All early sources refer to the "sons of heaven" as angels. From the third century BCE onwards, references are found in the Enochic literature, the Dead Sea Scrolls (the Genesis Apocryphon, the Damascus Document, 4Q180), Jubilees, the Testament of Reuben, 2 Baruch, Josephus, and the book of Jude (compare with 2 Peter 2). For example 1 Enoch 7:2 "And when the angels, (3) the sons of heaven, beheld them, they became enamoured of them, saying to each other, Come, let us select for ourselves wives from the progeny of men, and let us beget children." Some Christian apologists, such as Tertullian and especially Lactantius, shared this opinion.

The earliest statement in a secondary commentary explicitly interpreting this to mean that angelic beings mated with humans can be traced to the rabbinical Targum Pseudo-Jonathan and it has since become especially commonplace in modern Christian commentaries. This line of interpretation finds additional support in the text of Genesis 6:4, which juxtaposes the sons of God (male gender, divine nature) with the daughters of men (female gender, human nature). From this parallelism, it could be inferred that the sons of God are understood as some superhuman beings.

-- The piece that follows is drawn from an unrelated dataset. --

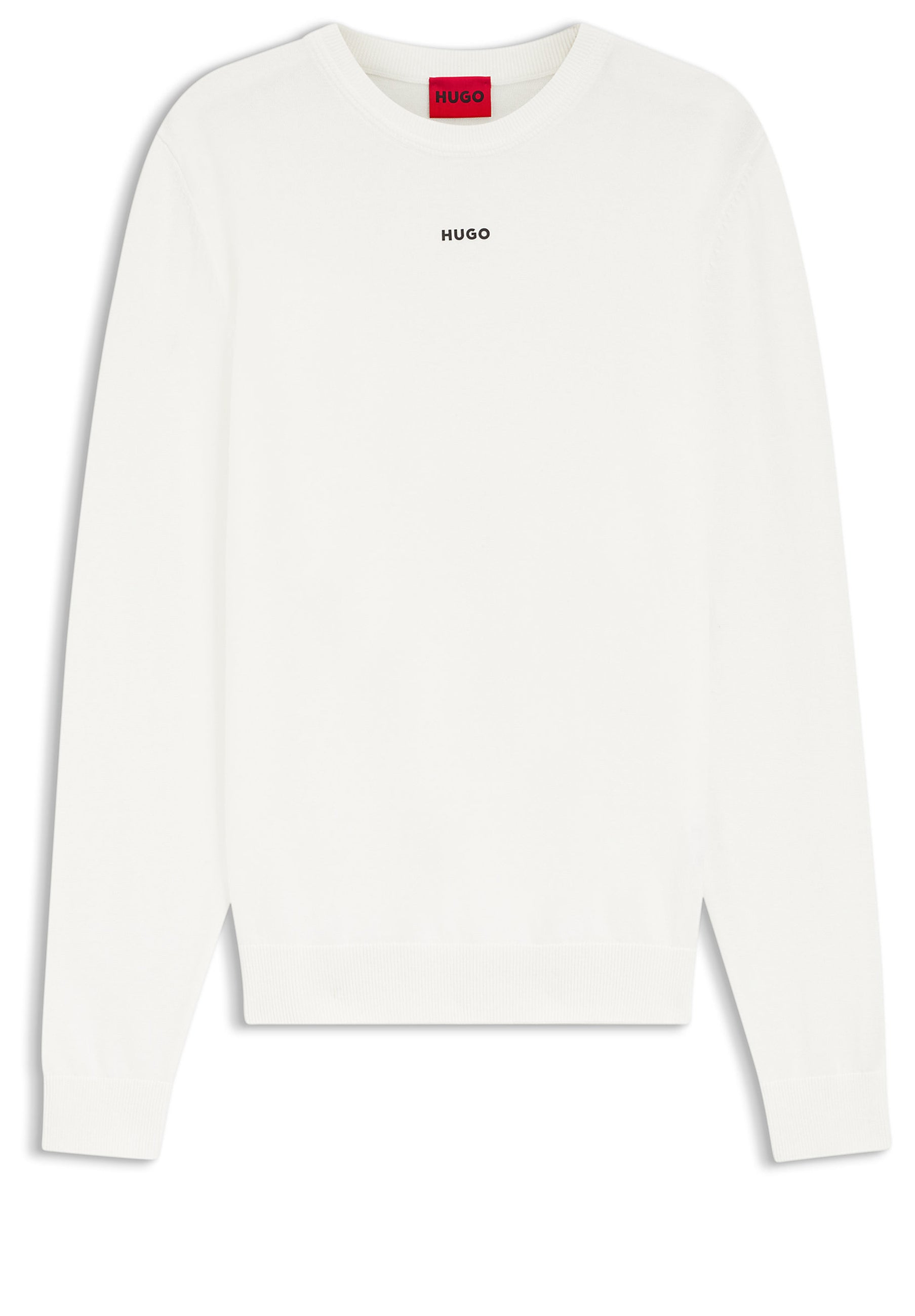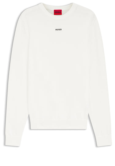 Verpasse deinem Look mit diesem HUGO Pullover aus softem Baumwoll-Strick mit kontrastfarbenem Logo ein Update. Zeitgemäße schmale Passform.

The New American Bible commentary draws a parallel to the Epistle of Jude and the statements set forth in Genesis, suggesting that the Epistle refers implicitly to the paternity of Nephilim as heavenly beings who came to earth and had sexual intercourse with women. The footnotes of the Jerusalem Bible suggest that the biblical author intended the Nephilim to be an "anecdote of a superhuman race".

Some Christian commentators have argued against this view, citing Jesus's statement that angels do not marry. Others believe that Jesus was only referring to angels in heaven.

Evidence cited in favour of the fallen angels interpretation includes the fact that the phrase "the sons of God" is used twice outside of Genesis chapter 6, in the Book of Job (1:6 and 2:1) where the phrase explicitly references angels. The Septuagint manuscript Codex Alexandrinus reading of Genesis 6:2 renders this phrase as "the angels of God" while Codex Vaticanus reads "sons".

Targum Pseudo-Jonathan identifies the Nephilim as Shemihaza and the angels in the name list from 1 Enoch.